SUPPLIED MATERIAL »
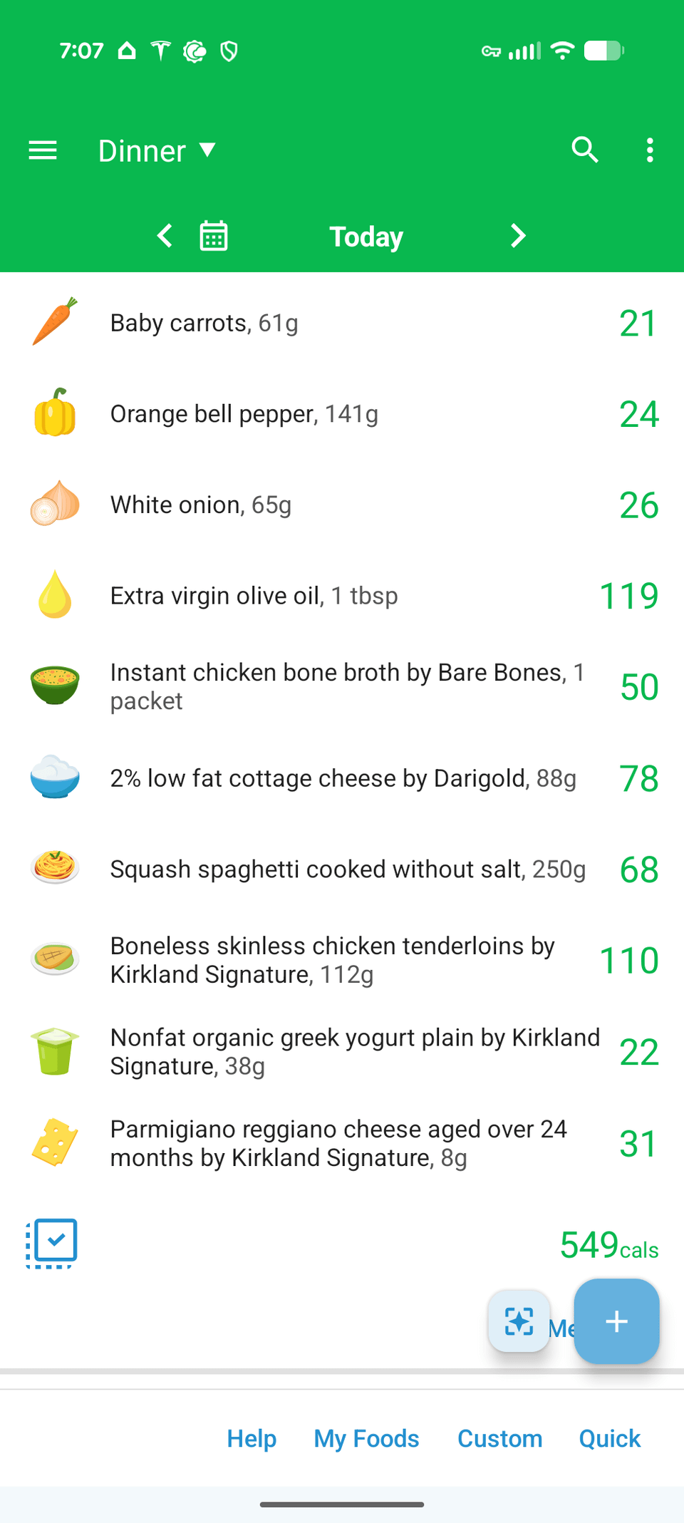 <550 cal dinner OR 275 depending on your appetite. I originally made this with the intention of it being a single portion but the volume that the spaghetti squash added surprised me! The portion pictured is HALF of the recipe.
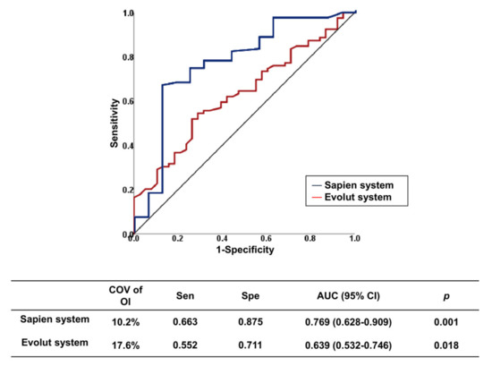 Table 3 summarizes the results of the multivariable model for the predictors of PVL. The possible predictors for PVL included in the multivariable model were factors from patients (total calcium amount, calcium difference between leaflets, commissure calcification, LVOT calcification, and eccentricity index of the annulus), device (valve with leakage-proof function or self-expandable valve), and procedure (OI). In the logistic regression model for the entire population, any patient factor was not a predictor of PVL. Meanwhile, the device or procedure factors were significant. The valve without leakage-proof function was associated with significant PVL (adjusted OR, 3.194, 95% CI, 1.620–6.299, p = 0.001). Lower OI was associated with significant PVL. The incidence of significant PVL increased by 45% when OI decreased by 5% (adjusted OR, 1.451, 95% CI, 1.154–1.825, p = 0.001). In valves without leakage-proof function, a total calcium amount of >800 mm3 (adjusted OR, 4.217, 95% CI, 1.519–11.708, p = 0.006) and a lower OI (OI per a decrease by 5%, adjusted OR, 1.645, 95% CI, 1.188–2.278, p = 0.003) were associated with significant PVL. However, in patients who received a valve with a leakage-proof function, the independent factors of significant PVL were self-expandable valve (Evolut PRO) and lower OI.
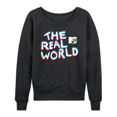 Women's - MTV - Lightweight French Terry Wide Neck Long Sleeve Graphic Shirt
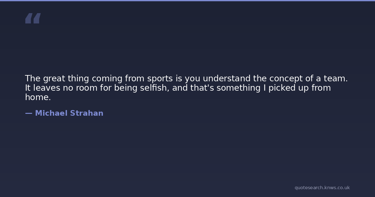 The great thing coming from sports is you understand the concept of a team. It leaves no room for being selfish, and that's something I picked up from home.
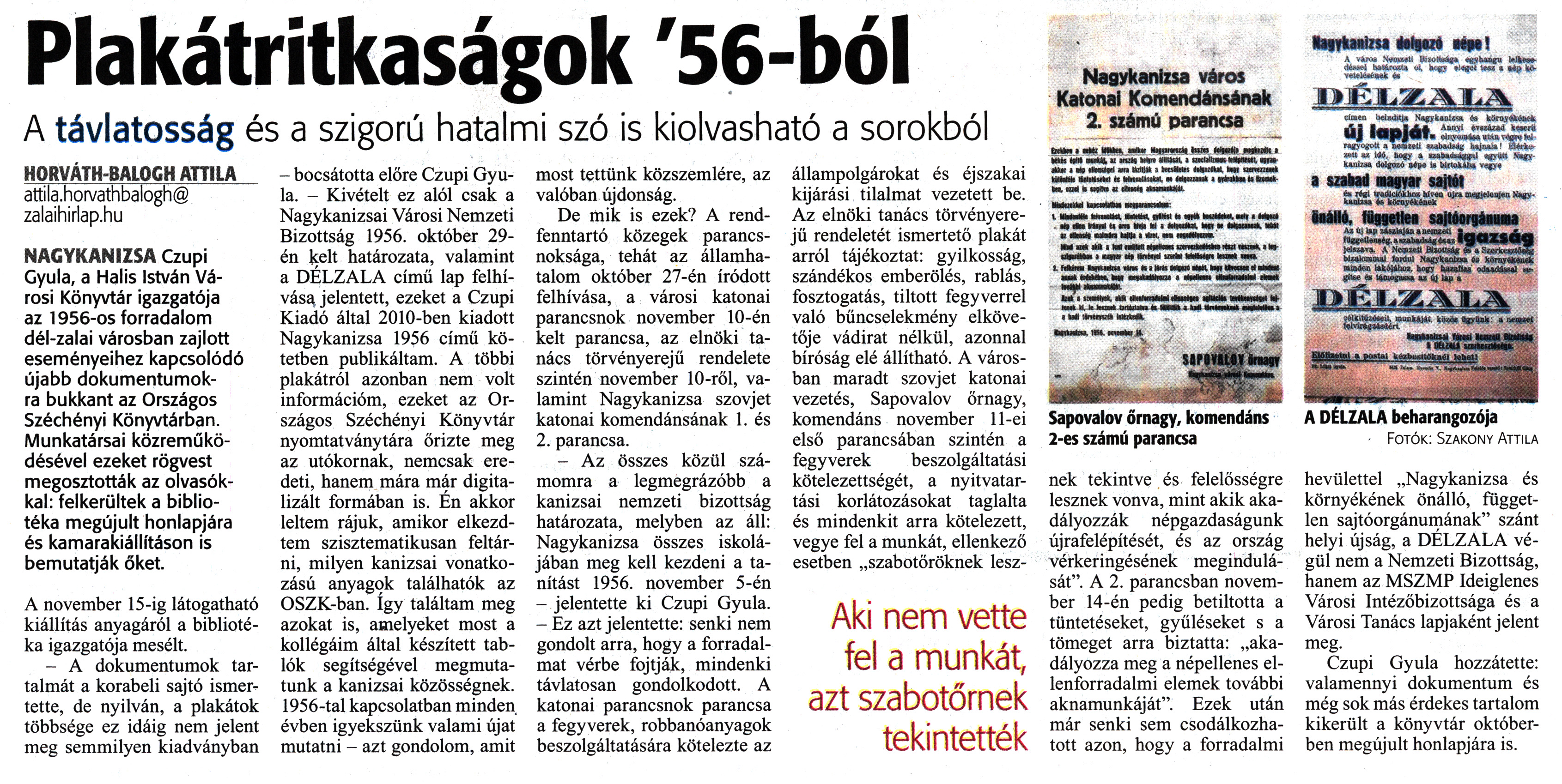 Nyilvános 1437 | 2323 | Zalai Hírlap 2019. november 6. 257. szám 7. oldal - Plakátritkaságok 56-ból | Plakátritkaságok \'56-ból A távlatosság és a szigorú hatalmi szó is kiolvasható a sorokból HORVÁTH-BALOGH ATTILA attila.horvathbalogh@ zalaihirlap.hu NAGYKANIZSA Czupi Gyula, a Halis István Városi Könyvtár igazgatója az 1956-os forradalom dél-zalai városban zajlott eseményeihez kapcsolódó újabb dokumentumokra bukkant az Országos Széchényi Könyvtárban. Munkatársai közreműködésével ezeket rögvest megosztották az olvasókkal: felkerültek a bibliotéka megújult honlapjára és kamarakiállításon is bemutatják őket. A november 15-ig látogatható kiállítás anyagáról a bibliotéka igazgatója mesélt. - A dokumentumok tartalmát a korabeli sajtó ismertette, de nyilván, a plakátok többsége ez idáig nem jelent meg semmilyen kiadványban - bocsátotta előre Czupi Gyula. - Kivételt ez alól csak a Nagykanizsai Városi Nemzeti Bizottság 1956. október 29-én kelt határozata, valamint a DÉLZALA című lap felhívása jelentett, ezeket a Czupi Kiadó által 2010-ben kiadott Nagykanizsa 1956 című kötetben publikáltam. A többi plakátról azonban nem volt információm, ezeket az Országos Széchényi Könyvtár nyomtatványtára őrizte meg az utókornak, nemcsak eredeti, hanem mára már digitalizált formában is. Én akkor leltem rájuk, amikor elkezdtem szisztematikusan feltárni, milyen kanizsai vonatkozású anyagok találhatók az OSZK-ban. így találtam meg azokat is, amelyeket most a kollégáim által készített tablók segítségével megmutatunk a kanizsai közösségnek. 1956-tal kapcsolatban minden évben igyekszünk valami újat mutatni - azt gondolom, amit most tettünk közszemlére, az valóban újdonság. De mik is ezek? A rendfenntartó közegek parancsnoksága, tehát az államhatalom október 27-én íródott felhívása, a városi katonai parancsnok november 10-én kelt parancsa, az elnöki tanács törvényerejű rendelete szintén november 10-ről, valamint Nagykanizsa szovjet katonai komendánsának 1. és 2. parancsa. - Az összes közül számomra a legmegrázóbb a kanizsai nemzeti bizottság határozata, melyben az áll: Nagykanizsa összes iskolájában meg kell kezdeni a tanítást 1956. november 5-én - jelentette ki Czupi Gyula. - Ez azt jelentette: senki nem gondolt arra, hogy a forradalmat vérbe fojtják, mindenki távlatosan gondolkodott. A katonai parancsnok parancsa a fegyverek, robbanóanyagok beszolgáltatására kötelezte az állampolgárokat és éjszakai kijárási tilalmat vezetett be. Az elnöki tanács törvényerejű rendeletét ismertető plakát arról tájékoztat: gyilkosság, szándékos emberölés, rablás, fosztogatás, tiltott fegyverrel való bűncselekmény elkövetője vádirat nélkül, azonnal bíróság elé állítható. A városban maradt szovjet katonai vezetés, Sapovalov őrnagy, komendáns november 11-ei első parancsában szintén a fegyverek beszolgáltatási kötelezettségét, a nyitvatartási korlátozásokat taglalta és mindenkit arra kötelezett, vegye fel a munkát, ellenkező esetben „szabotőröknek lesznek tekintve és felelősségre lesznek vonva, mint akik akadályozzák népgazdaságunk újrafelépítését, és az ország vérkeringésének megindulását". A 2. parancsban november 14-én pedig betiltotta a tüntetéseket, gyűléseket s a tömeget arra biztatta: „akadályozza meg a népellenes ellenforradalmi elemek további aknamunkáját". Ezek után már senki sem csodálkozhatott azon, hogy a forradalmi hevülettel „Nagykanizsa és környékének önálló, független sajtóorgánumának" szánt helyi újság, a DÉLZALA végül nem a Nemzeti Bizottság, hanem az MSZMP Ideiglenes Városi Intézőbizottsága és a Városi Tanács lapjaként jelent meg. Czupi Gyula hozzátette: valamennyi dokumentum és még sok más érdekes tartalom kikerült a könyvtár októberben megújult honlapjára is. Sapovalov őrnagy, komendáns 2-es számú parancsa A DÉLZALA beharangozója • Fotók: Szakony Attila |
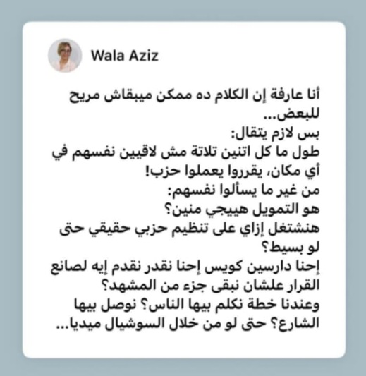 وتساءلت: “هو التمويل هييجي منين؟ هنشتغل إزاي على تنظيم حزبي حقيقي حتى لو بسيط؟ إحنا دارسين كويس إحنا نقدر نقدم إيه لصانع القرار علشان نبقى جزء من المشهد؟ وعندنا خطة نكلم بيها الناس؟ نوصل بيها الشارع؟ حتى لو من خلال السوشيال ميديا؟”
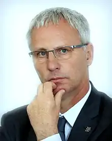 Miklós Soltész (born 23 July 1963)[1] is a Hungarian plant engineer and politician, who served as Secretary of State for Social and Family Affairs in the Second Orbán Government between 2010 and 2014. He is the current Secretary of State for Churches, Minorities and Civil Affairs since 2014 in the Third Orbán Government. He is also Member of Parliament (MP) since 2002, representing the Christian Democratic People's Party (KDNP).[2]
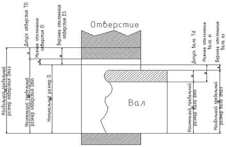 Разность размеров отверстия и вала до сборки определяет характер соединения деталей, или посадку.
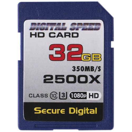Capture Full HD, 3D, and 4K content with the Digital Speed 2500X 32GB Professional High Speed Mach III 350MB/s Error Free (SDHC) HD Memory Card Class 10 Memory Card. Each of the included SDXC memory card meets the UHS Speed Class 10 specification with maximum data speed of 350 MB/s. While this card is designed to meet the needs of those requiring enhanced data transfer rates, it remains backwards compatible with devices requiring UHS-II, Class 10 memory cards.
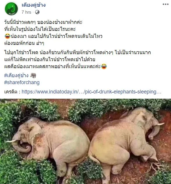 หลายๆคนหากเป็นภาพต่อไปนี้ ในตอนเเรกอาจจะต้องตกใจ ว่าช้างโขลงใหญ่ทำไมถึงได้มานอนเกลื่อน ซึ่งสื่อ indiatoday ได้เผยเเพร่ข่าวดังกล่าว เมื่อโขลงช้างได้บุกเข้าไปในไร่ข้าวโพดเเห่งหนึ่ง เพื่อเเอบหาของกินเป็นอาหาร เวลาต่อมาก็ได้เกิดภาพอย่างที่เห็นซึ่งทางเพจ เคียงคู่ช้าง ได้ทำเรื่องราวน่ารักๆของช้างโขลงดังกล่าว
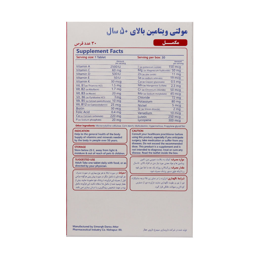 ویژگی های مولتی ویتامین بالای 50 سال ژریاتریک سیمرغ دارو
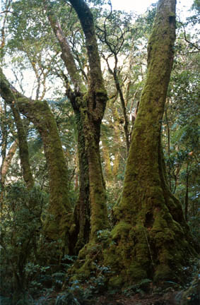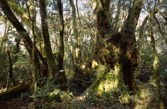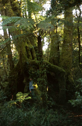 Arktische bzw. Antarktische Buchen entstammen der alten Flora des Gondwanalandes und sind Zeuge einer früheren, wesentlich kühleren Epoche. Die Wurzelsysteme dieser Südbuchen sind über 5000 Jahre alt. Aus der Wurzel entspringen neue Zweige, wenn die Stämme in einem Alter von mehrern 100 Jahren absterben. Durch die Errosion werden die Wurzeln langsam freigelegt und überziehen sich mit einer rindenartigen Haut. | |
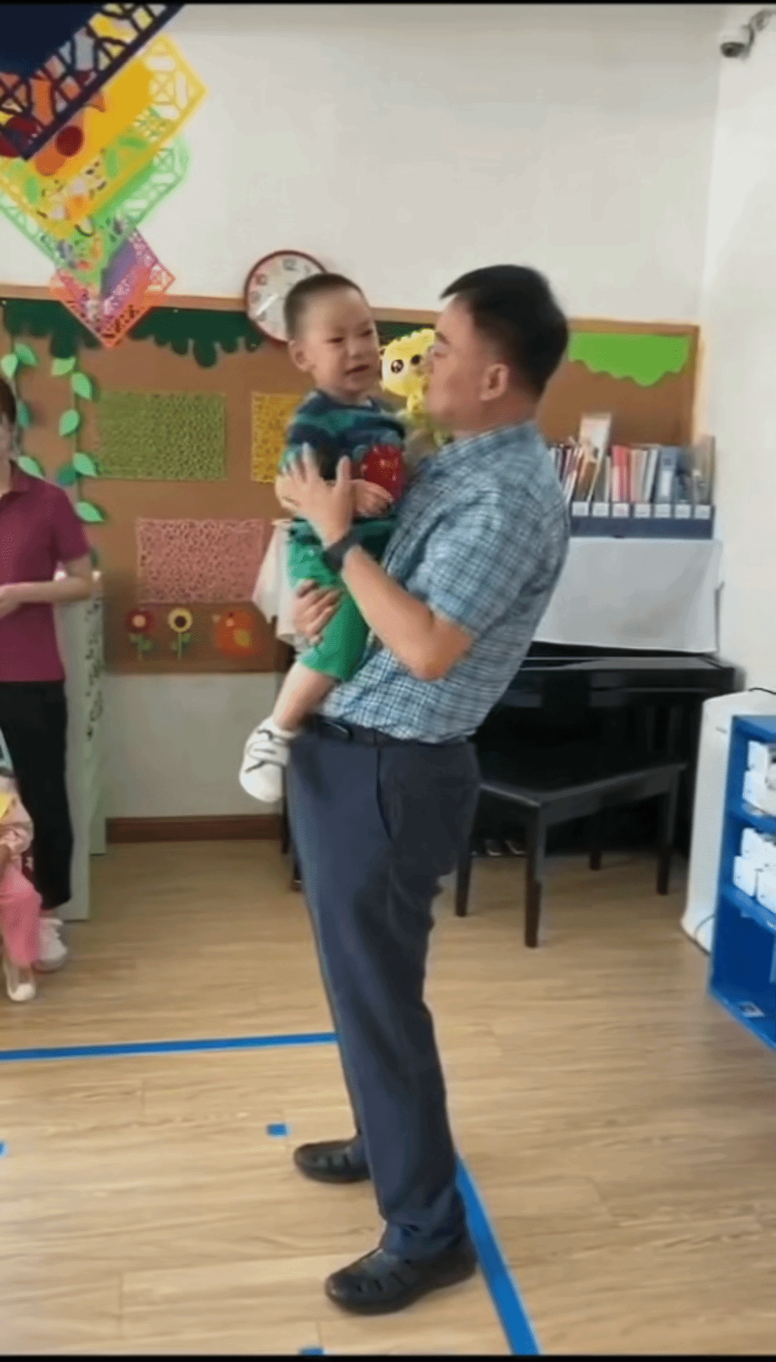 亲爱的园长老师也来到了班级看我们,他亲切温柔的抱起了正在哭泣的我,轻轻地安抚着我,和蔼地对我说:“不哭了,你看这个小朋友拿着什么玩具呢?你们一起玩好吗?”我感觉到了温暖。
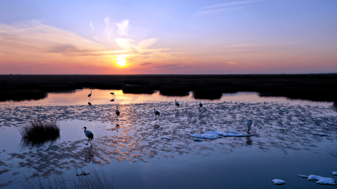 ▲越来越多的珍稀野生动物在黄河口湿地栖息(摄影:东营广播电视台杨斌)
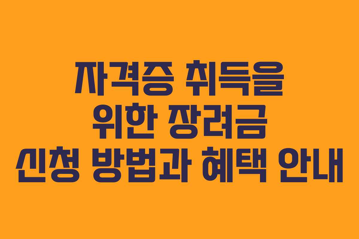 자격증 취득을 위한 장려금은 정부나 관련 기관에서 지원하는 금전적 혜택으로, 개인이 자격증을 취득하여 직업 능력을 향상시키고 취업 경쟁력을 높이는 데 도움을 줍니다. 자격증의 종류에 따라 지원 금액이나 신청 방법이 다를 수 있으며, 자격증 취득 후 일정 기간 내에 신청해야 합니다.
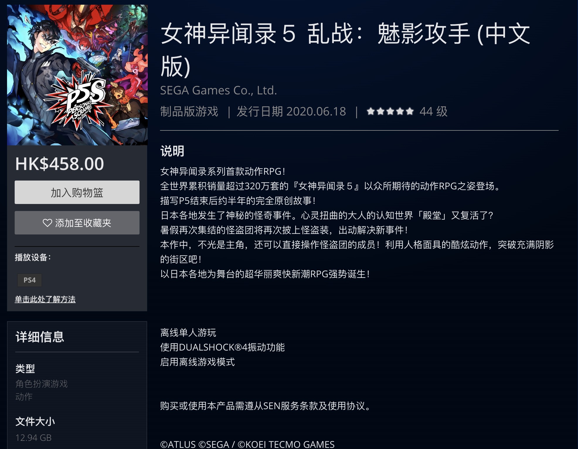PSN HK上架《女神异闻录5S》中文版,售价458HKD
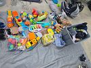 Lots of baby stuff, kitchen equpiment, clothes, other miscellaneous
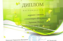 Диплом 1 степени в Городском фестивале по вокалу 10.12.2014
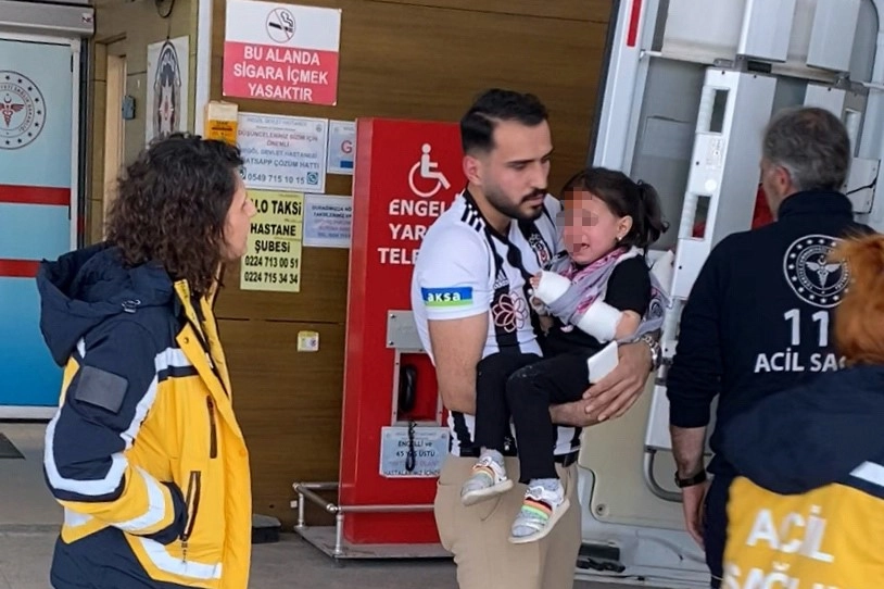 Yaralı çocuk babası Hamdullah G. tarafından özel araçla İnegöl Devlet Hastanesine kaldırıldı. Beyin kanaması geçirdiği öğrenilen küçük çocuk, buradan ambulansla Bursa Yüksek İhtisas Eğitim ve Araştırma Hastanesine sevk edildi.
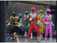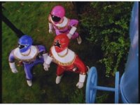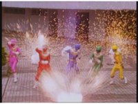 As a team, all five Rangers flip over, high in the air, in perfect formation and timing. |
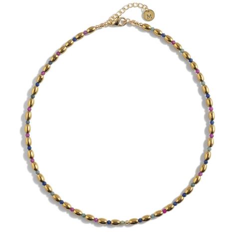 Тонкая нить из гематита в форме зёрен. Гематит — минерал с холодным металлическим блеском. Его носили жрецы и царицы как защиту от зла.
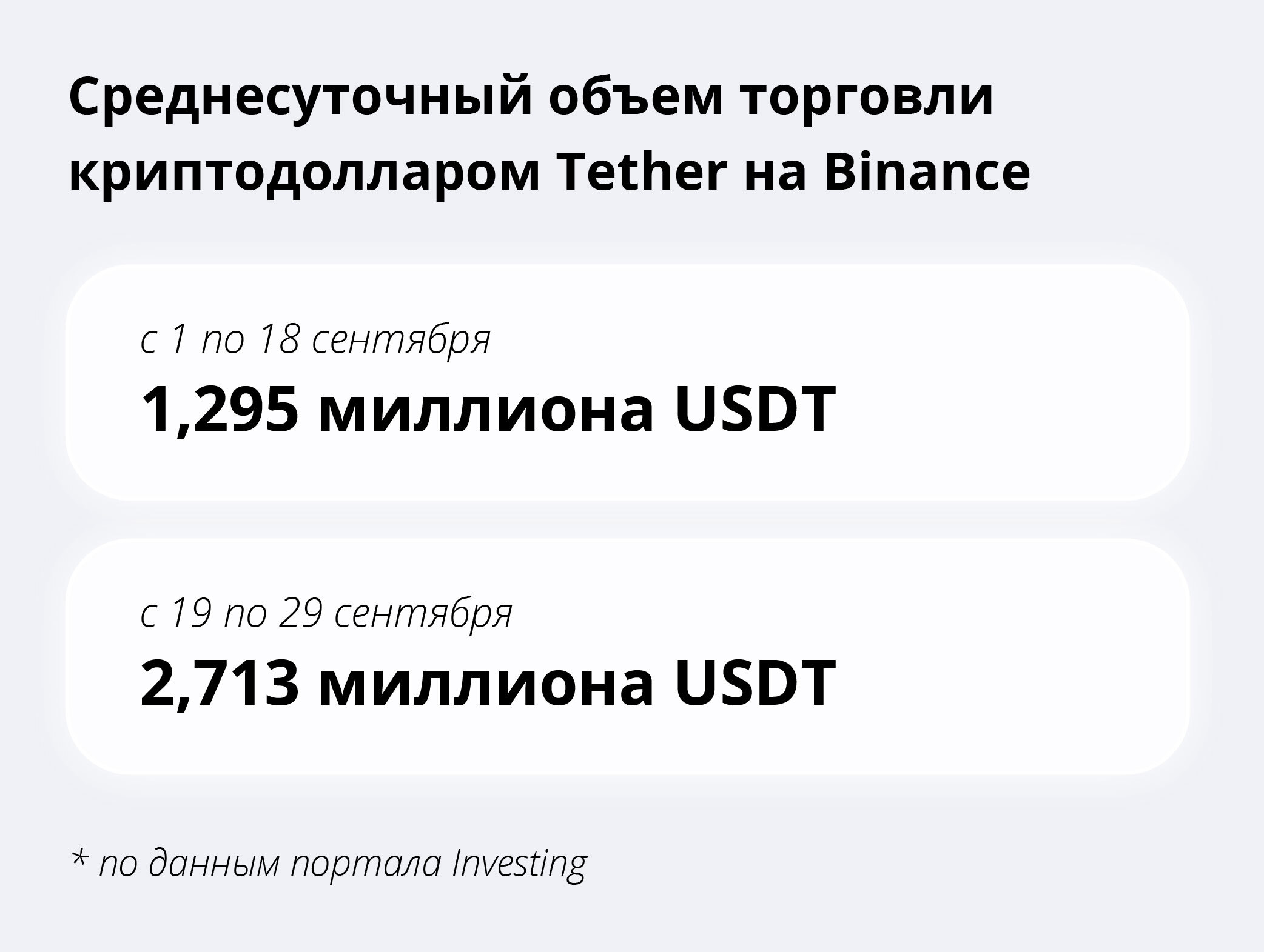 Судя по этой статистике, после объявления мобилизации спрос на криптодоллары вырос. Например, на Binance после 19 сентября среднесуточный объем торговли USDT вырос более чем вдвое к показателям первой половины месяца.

PROBLEM TO SOLVE »
Leave out the pictures and return, exactly as written, only the lines from the line with "Yaralı çocuk babası" through the end of the records above.

ANSWER BELOW »
 Yaralı çocuk babası Hamdullah G. tarafından özel araçla İnegöl Devlet Hastanesine kaldırıldı. Beyin kanaması geçirdiği öğrenilen küçük çocuk, buradan ambulansla Bursa Yüksek İhtisas Eğitim ve Araştırma Hastanesine sevk edildi.
 As a team, all five Rangers flip over, high in the air, in perfect formation and timing. |
 Тонкая нить из гематита в форме зёрен. Гематит — минерал с холодным металлическим блеском. Его носили жрецы и царицы как защиту от зла.
 Судя по этой статистике, после объявления мобилизации спрос на криптодоллары вырос. Например, на Binance после 19 сентября среднесуточный объем торговли USDT вырос более чем вдвое к показателям первой половины месяца.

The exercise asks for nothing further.